It's not a peculiar edge case; the Tesla rep explicitly notes in the reaponse
it's an issue that Tesla has heard about from _many_ owners.

------
kmonsen
What most posters here are missing is that you cannot trigger the update in
your Tesla so most suggested workarounds will not work.
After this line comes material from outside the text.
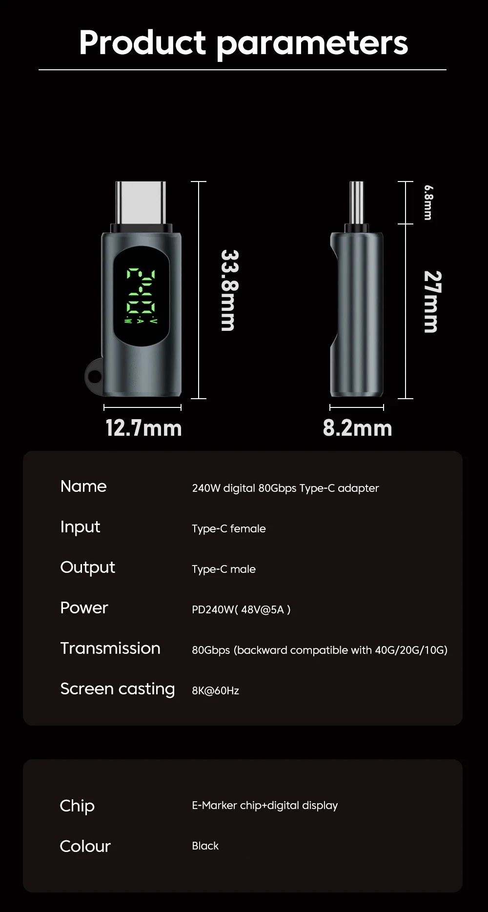 Это компактный переходник формата Type-C “папа” → Type-C “мама”, предназначенный для зарядки, передачи данных и подключения внешних мониторов. Устройство оснащено встроенным цифровым дисплеем, который отображает мощность зарядки в реальном времени, позволяя контролировать процесс питания устройства.

Including the
suggested parking outside a Starbucks.

------
jaclaz
I don't know in the US, but here in Italy a small 3G/4G modem (capable of
creating a Wi-Fi hotspot) costed me[1] less than 50 Euro, complete with the
SIM in it, and then the data plan is if I recall correctly something like 8
Euro month for 3 or 4 GB of traffic, and 12-15 for 8-10 GB, but it is not a
"subscription" you just "recharge" with a given amount of money and it gets
the monthly fee from that (if used).

The underground garage may be a problem, but if the car is parked outside, it
should work fine.

[1] at least lat year, I had the telephone/DSL cable cut and to provide
remporarily the connectivity of the office quickly put together a Wi-Fi based
on that, that we call in jargon "soapbar", the one I got was a Huawei E5330:
[https://www.eprice.it/router-wifi-
HUAWEI/d-5730696](https://www.eprice.it/router-wifi-HUAWEI/d-5730696)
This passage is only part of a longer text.